I remember yelling at my daughter for various reasons and feeling guilty after the encounter. I’ve had to eat my words on many occasions. If not with her than other family members and sometimes friends. During the encounter, I didn’t think about the consequences of my actions or the affect that it would have on the other person. It was the only way I knew how to respond at certain times.
Yelling, screaming and cursing were normal in my home when I was growing up. I carried that mentality and behavior into my marriage and used that technique to interact with my daughter in her teen years. Thank goodness, I learned quickly that it was unproductive and damaging.
Nobody wants to be yelled at, and what is really accomplished with that type of interaction. No good will come out it. Here are a few negative affects:
- Low Self Esteem
- Anger Is Developed
I didn’t like eating my words after I yelled at my daughter or after I raised my voice for whatever reason. There were times that I apologized and there were times that I didn’t. I would just live with the guilt and move forward. It left me feeling bad about myself and ashamed of the fact that I reacted in such an unhealthy way. I vowed to change that behavior in myself, and eliminate the need for me to eat my words again and again. I didn’t want my daughter to think yelling and screaming were normal either. I also didn’t want her to be afraid of me in any way. I surely didn’t want her to have low self-esteem and I didn’t want her to grow up being an angry, bitter young lady who looked for love in all the wrong places because she felt unloved at home. I knew a change had to occur and it had to start with me.
The first step was to get to the bottom of why I was yelling before I could make any major changes. Until I accomplished that feat, I learned to walk away and than come back and address the situation in a much calmer manner. That change alone left me with my dignity and it left those who were normally on the receiving end of my yelling with their dignity too. I liked the feeling of walking away much better than yelling, it soon became a habit.
As parents we are responsible for our children’s emotional well being. I found that I was a more effective parent when I was not yelling too. It opened the door for better communication between my daughter and me. It allowed us to establish a healthy relationship where we demonstrated mutual respect for each other. It’s funny how life works, I reached a point where I refused to argue or raise my voice with anyone. Walking away became a way of life for me and it has saved me from a ton of stress and broken relationships.

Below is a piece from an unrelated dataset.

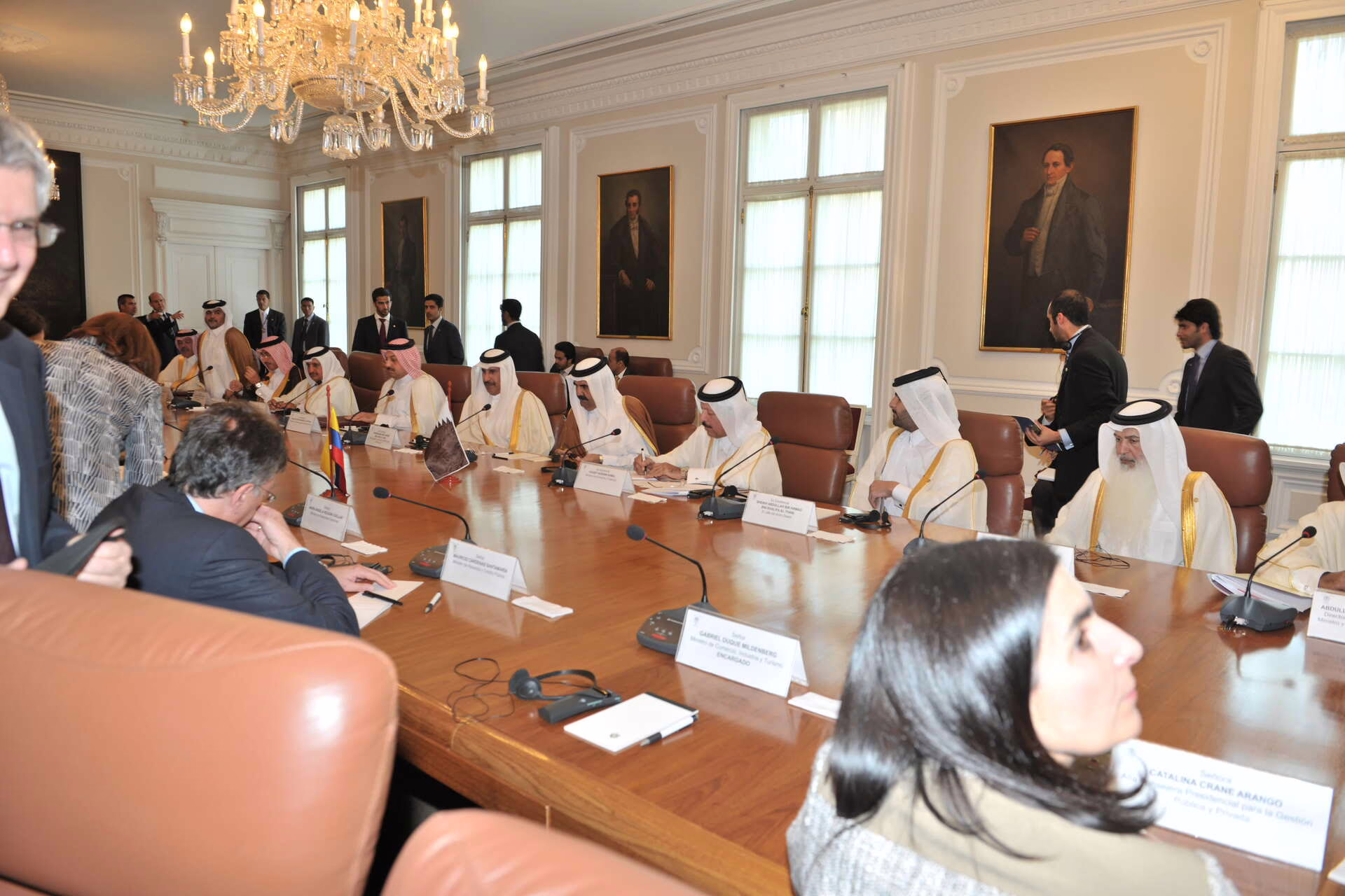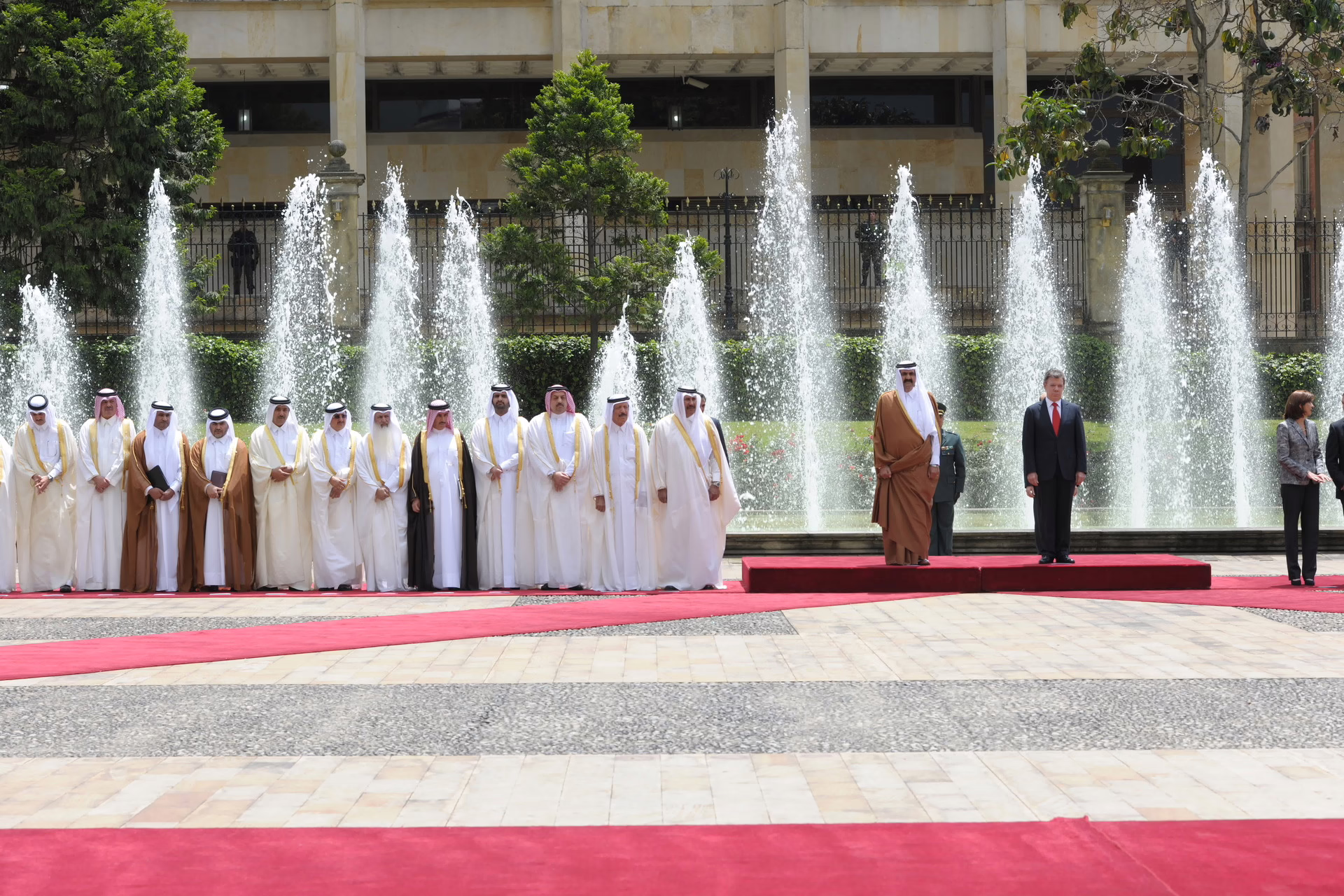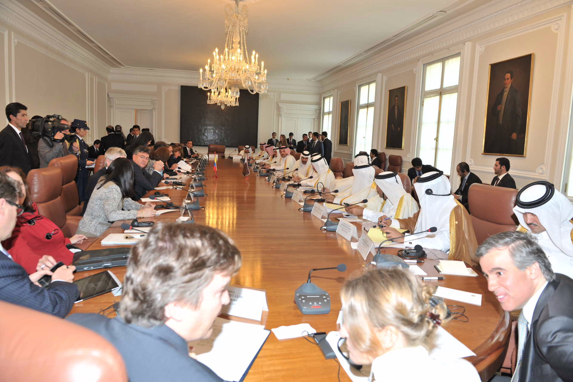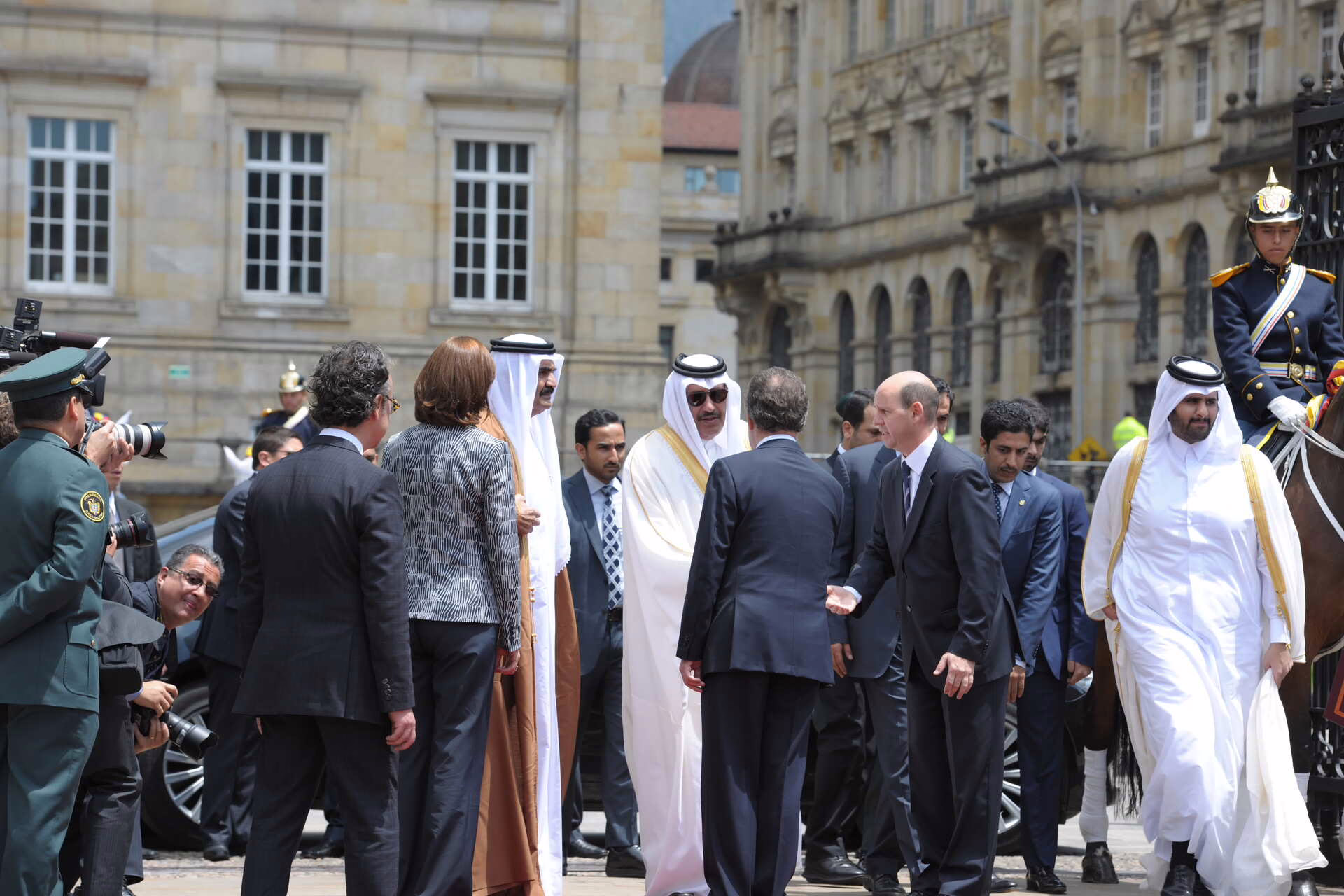سمو الأمير الشيخ حمد بن خليفة آل ثاني يلتقي في بوغوتا بتاريخ 15 فبراير 2013 فخامة رئيس جمهورية كولومبيا السيد خوان مانويل سانتوس، حيث جرى استعراض علاقات التعاون بين البلدين وسبل تعزيزها، كما شهد الجانبان توقيع عدد من الاتفاقيات ومذكرات التفاهم بين دولة قطر وجمهورية كولومبيا، وذلك بحضور معالي رئيس مجلس الوزراء وزير الخارجية الشيخ حمد بن جاسم بن جبر آل ثاني، ومعالي ماريا أنجيلا هولغوين وزيرة خارجية جمهورية كولومبيا، وسعادة الشيخ عبد الله بن حمد آل ثاني، وعدد من كبار المسؤولين.

If you are constantly yelling and screaming, just stop. If you can’t change it on your own, get some professional help. You are damaging your child and could possibly cause them to become violent or act out in some manner. Children have limited coping mechanisms in their teen years. It’s up to the adult to lead and guide them on the appropriate way to communicate. Calm is the way to go and it is a skill that can be acquired and implemented. Reach for it, you and your children will be thankful.